Beyond News: Generalizing to Other Feeds

What’s powerful about this agent pipeline is that nothing in it is tied only to news. It’s really a framework for taking any content feed → extracting structure → producing a personalized digest.

Let’s take another example: arXiv papers.

Every day, hundreds of research papers drop across categories like Machine Learning, Computer Vision, or Quantum Computing. For a researcher, the challenge is the same as the news: too much volume, too little time, and only a few papers are truly relevant.

How the Same Agents Apply

Fetcher Agent

Input: arXiv RSS feed or API query.
Output: Paper metadata (title, authors, abstract, category).

Passage Extractor Agent

Input: Abstract text.
Output: Key sentences (problem statement, method, result).

Named Entity Extractor Agent

Input: Abstract.
Output: Entities like “transformer,” “federated learning,” “TPU v5e.”

Entity Disambiguation Agent

Input: Entities + context.
Output: Links to canonical IDs (e.g., arXiv subject codes, Wikipedia entries).

Entity Tagger Agent

Input: Resolved entities.
Output: Categories: Algorithm, Dataset, Hardware, Domain.

Topic Classifier Agent

Input: Abstract embeddings.
Output: Tags like {Deep Learning, Reinforcement Learning, Distributed Systems}.

Sentiment & Stance Agent

Input: Abstract.
Output: “Positive result” (model beats SOTA by 2%), “Critical” (paper refutes prior claim).

Tag Summarizer Agent

Input: Entities + topics.
Output:
- Distributed Training: “New optimizer reduces GPU communication overhead by 30%.”
- NLP: “Transformer variant improves long-context understanding.”

Fact-Checker Agent

Input: Claims in abstract.
Output: Basic validation against cited benchmarks, prior arXiv papers.

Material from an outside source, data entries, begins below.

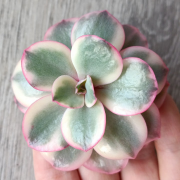 Красивая эхеверия с плоскими тонкими листьями. Розетка достаточно рыхлая. Листья окрашены в несколько цветов: зеленый, жёлтый, розовый.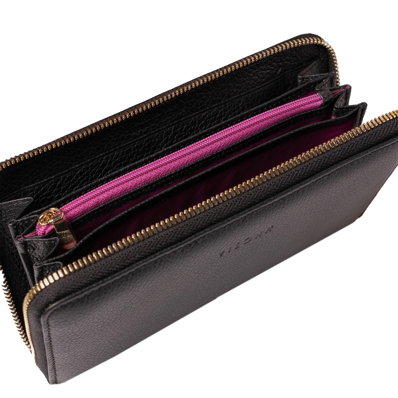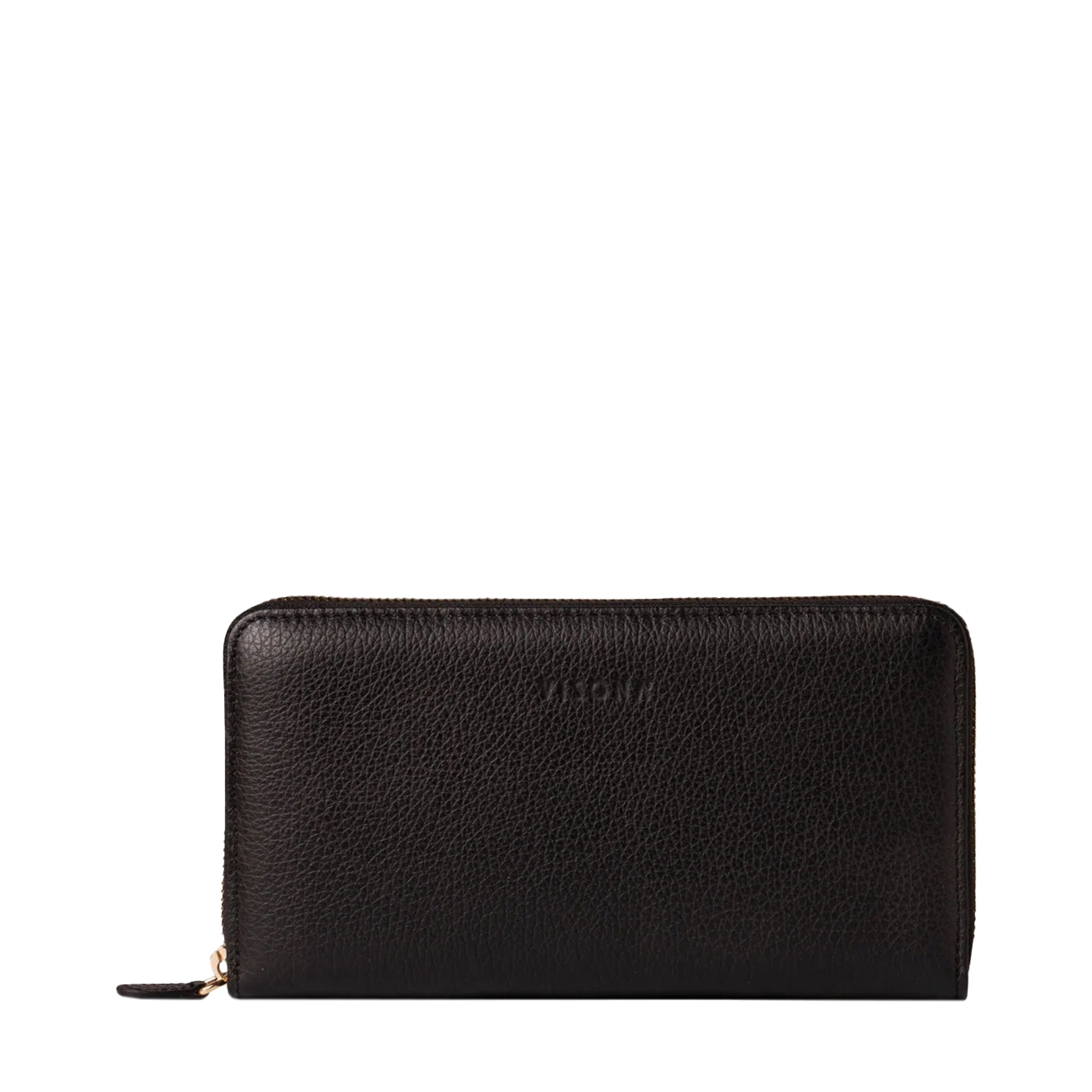 Portofelul Visona este confecționat din piele texturată de înaltă calitate și are un design clasic, cu linii curate și închidere cu fermoar pe toată lungimea. Interiorul bine compartimentat oferă spațiu generos pentru carduri, bancnote și monede, fiind o alegere practică și elegantă pentru utilizarea zilnică.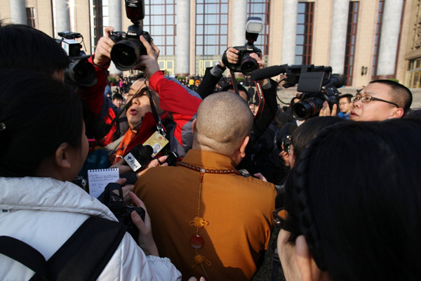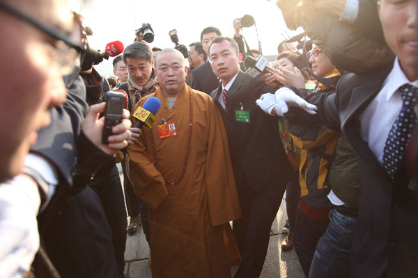 3月5日,北京,人大代表释永信在安保人员开道保护下步入会场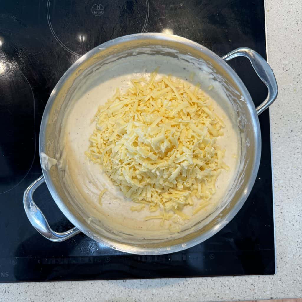 - Once all the milk has been added and you have a white sauce, add 260 g extra mature cheddar cheese (grated)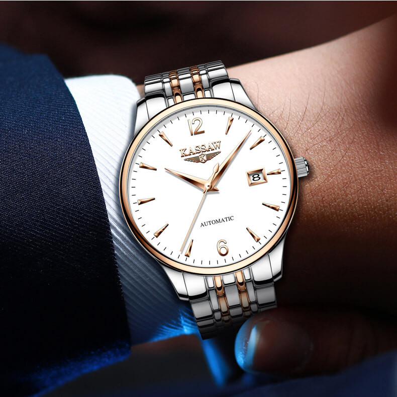 Mua tại TiktokĐồng hồ nam chính hãng Kassaw Thụy Sỹ Thiết kế sang trọng, đẳng cấp cho quý ông Thời gian trữ cót lâu lên đến hơn 40h Chống nước 5ATM, Kính sapphire Toàn bộ máy được làm từ thép không gỉ 316L Đồng hồ cơ Automatic, Sử dụng bộ máy Seiko NH35A Chính hãng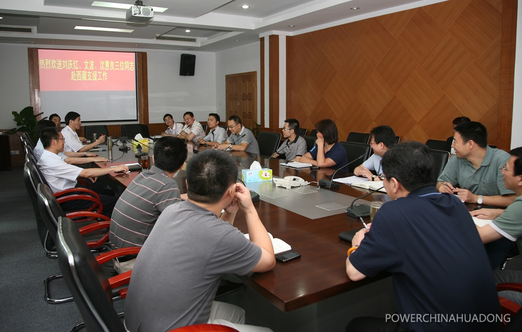 会上,人力资源部负责人首先简要介绍了援藏干部选派工作情况。院领导高度重视此次援藏干部选拔工作,各专业团队也积极响应,在不到一周的时间内完成了干部选拔、沟通、体检和报批工作,最终确认刘庆红、沈惠良、文波为华东院首批援藏干部。这三位同志均是华东院相关专业的技术骨干,他们专业技能过硬、思想素质高,有较强的工作能力和强健的体魄,并在既往的工作经历中创造了优良的业绩。三位同志将分别前往西藏发改委、西藏电力公司开展对口支援工作。
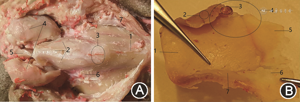 软骨性鼻锥由隔背软骨和双侧大翼软骨(greater alar cartilages,GACs)通过纤维结缔组织、韧带和小籽骨连接形成[16](图7、8)。

Personalization & Ranking Agent

Input: Summaries + user profile.
Output: Weighted list — e.g., ML (0.9), Systems (0.7), Theory (0.2).

Digest Compiler Agent

Output: A daily “Research Digest” grouped by topics you care about.

Daily Digest Agent

Output: Email / Slack message titled “Your Research Updates — Sept 7, 2025.”

Example Output

Machine Learning

“A new optimizer for distributed training reduces GPU communication overhead by 30%.”
“Transformer variant improves long-context understanding.”

Systems

“Novel checkpointing approach for TPU workloads improves reliability.”

Theory

“Paper refutes prior bounds on sparse recovery in high-dimensional settings.”

The General Principle

Whether it’s:

News articles (politics, finance, Bay Area local updates),
Academic papers (arXiv, PubMed),
Internal company reports (logs, metrics dashboards),

…the same agent pipeline applies.

You’re always doing:

Fetch content.
Extract passages.
Identify entities, disambiguate them.
Tag and classify.
Summarize and fact-check.
Rank based on user profile.
Deliver as a digest.

That’s the feed-to-digest pattern, and agents are a natural way to implement it.

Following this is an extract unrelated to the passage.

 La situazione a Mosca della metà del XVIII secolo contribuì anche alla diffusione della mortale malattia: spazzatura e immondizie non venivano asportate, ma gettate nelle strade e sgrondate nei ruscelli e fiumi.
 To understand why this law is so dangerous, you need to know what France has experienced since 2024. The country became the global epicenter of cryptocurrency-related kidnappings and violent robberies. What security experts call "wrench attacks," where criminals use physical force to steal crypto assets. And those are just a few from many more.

MCP: The Protocol That Lets Agents Talk

When you chain multiple agents together, two big challenges show up:

Inter-agent communication — How does the Passage Extractor know how to hand results to the Entity Disambiguation Agent?
External integrations — How do agents fetch data from APIs (like arXiv, USGS, or RSS feeds) without each agent reinventing its own protocol?

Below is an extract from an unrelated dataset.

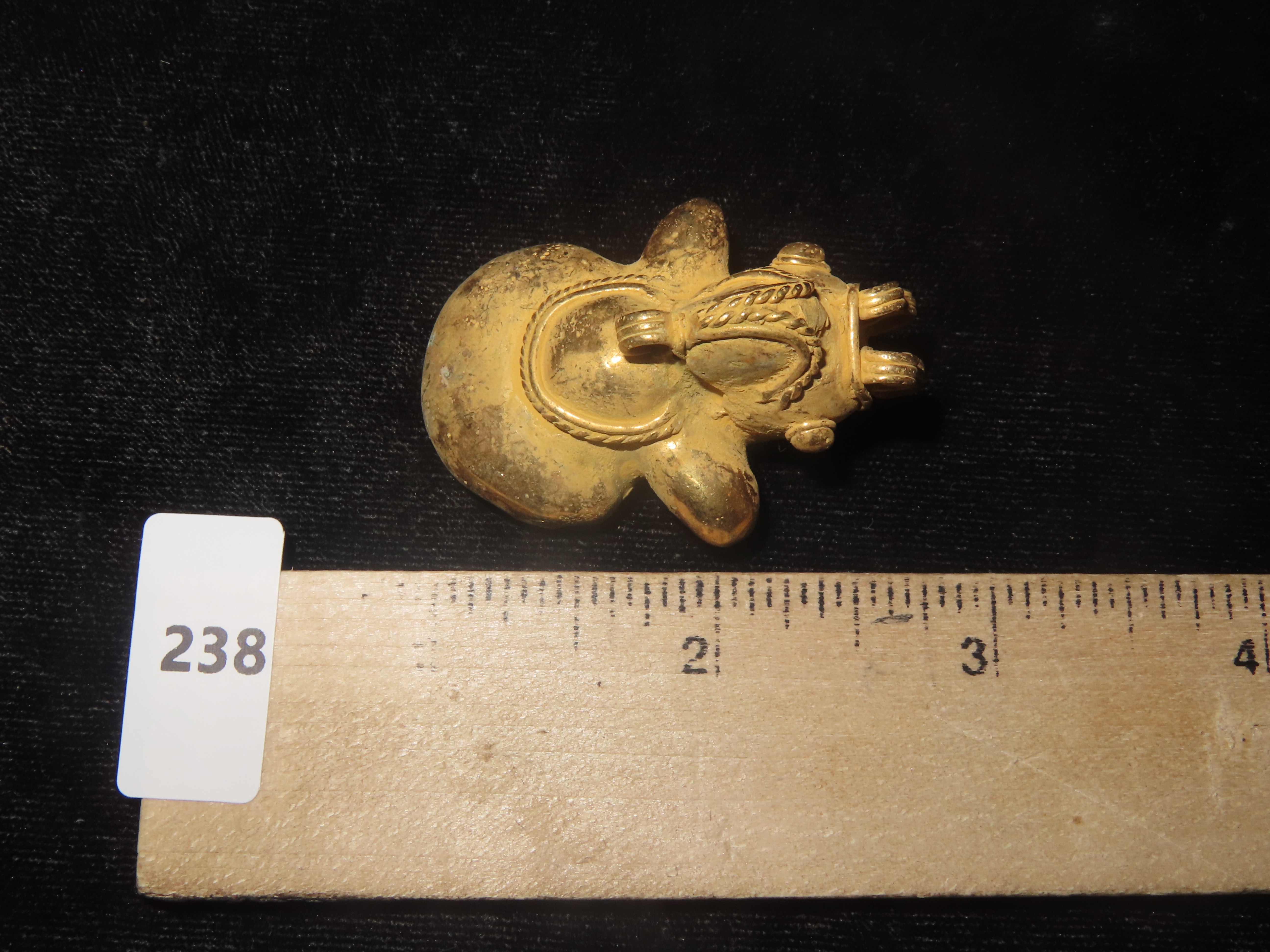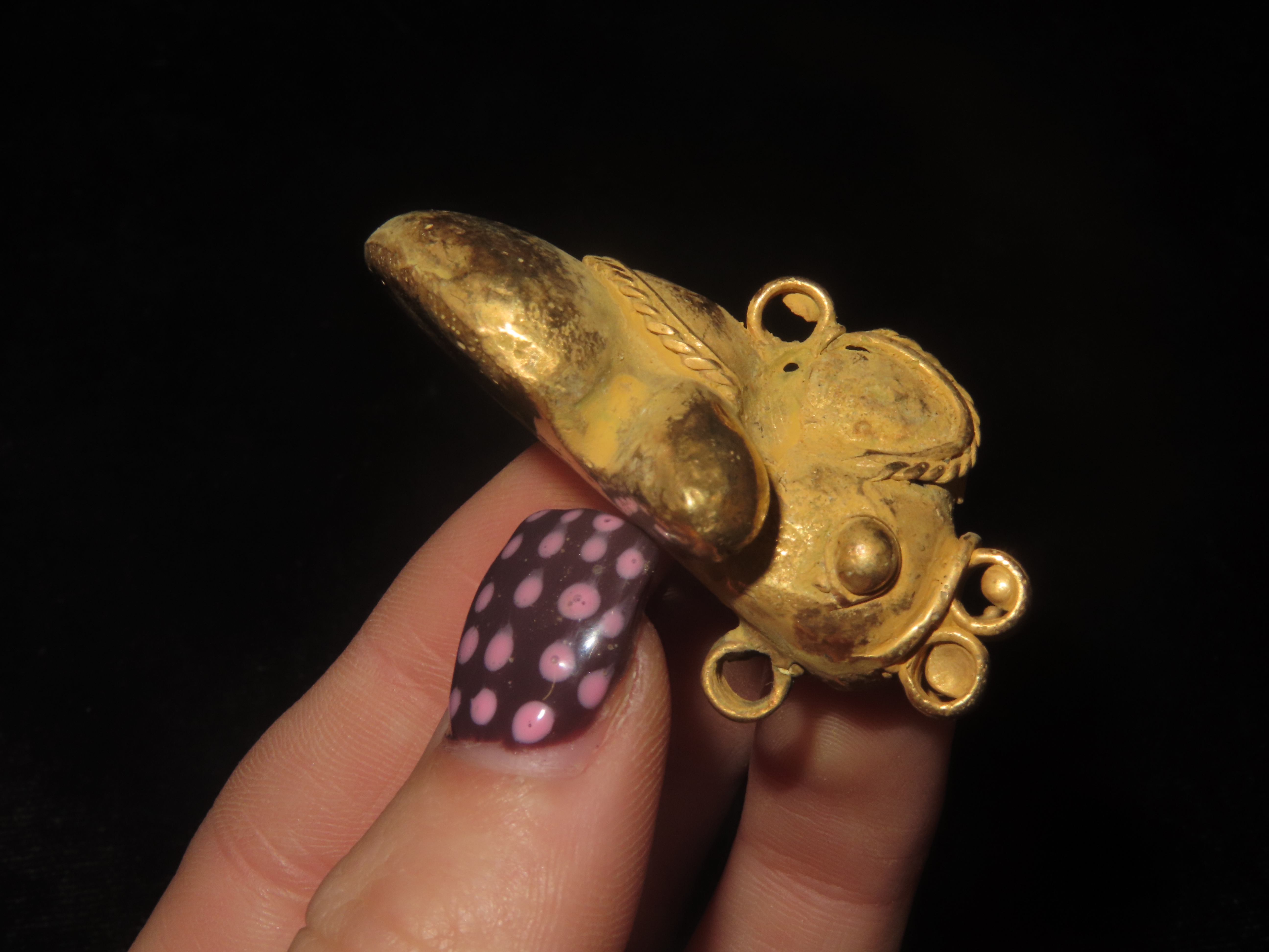 1 3?4″ Pre Columbian Tairona Tumbaga Flying Parrot Figurine Pendant, Gold/Copper Alloy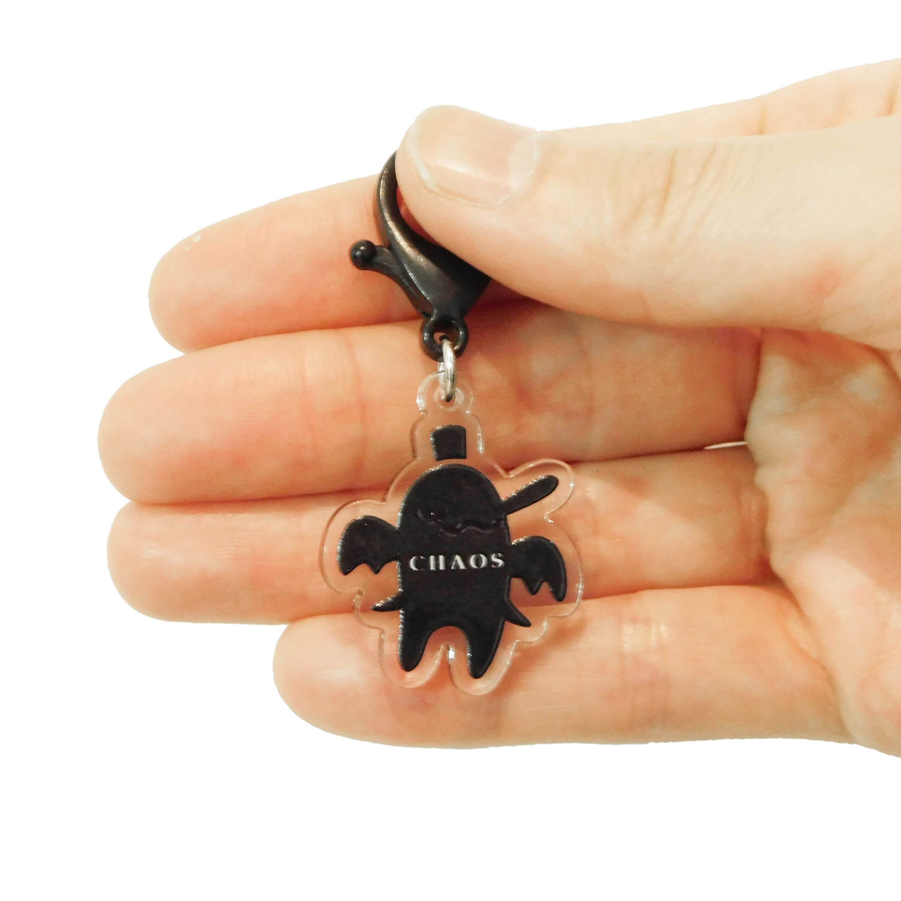 An acrylic keychain that embodies chaos as a yokai.

This is where MCP (Model Context Protocol) comes in.

What is MCP?

Think of MCP as the USB standard for AI agents.

It defines interfaces for tools and services.
It specifies how agents pass context (inputs, outputs, metadata).
It allows interoperability — meaning you can swap one agent out for another without breaking the pipeline.

With MCP, the Passage Extractor doesn’t need to “know” the implementation details of the Entity Tagger. It just sends structured data (text + embeddings + tags) in a format MCP understands.

Internal Communication

Inside our pipeline:

Fetcher Agent outputs {title, body, url, timestamp} in MCP format.
Passage Extractor takes {body} and returns {passages, embeddings}.
Named Entity Extractor consumes {passages} and produces {entities}.
Entity Disambiguation consumes {entities, context} and produces {entity_id}.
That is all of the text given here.